Ik zit dagelijks in de trein en ik vind "op de trein" nogal ouderwets klinken. Ik krijg dan visioenen van landen als India waar men inderdaad op de trein zit ipv in de trein.
"Ik stap op de trein" kan nog wel maar ook hier zou ik liever "ik stap in de trein" zeggen.


----------



## bibibiben

Ik heb dezelfde associatie als matakoweg: wie op de trein zit, zit kennelijk op het dak van de trein. En hup, daar zie ik een Indiase trein langsstomen.

Met _ik stap op de trein_ heb ik geen moeite. Waarschijnlijk zie ik er iets eerder het abstracte _ik neem de trein_ in dan als ik zeg: _ik stap in de trein_. In dat laatste geval zie ik mijn voet al op de treeplank staan.


----------



## NewtonCircus

matakoweg said:


> Ik zit dagelijks in de trein en ik vind "op de trein" nogal ouderwets klinken. Ik krijg dan visioenen van landen als India waar men inderdaad op de trein zit ipv in de trein.



Ik denk niet dat je dit in die context moet zien. De verklaring van deze _op_ moet je m.i. eerder zoeken bij het feit dat treinen, bussen en vliegtuigen in het algemeen hoog op de wielen staan, zeker in het verleden.
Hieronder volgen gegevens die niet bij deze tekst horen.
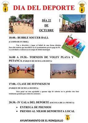 El Ayuntamiento de El Ronquillo celebrará el próximo sábado 22 de octubre el Día del Deporte.

Relatief gezien zit je dus veel hoger dan de begane grond. 

Dit verschijnsel heb je ook In het Engels. 


_I a__m on a train_
_I a__m on the bus_
_I a__m on an airplane_
Maar wel

_I am in a car_


----------



## bibibiben

NewtonCircus said:


> Ik denk niet dat je dit in die context moet zien. De verklaring van deze _op_ moet je m.i. eerder zoeken bij het feit dat treinen, bussen en vliegtuigen in het algemeen hoog op de wielen staan, zeker in het verleden. Relatief gezien zit je dus veel hoger dan de begane grond.
> 
> Dit verschijnsel heb je ook In het Engels.
> 
> 
> _I a__m on a train_
> _I a__m on the bus_
> _I a__m on an airplane_
> Maar wel
> 
> _I am in a car_



Ja, natuurlijk, er is altijd een verklaring te bedenken. Maar zoals ook uit mijn eerder geplaatste link blijkt, volgt men in Nederland kennelijk vrij algemeen een andere redenering dan in België. In Nederland geldt: je bent omsloten door iets en daarom zit je erin. Ben je niet (per definitie) omhuld of omsloten, dan zit je erop. Dus je zit wel op een fiets, brommer of boot, maar je zit niet op een bus of vliegtuig. En dus roept het voorzetsel _op_ in combinatie met _bus_, _trein_ of _vliegtuig_ een ander beeld op. Misschien niet in Vlaanderen, maar zeer waarschijnlijk wel bij velen in Nederland.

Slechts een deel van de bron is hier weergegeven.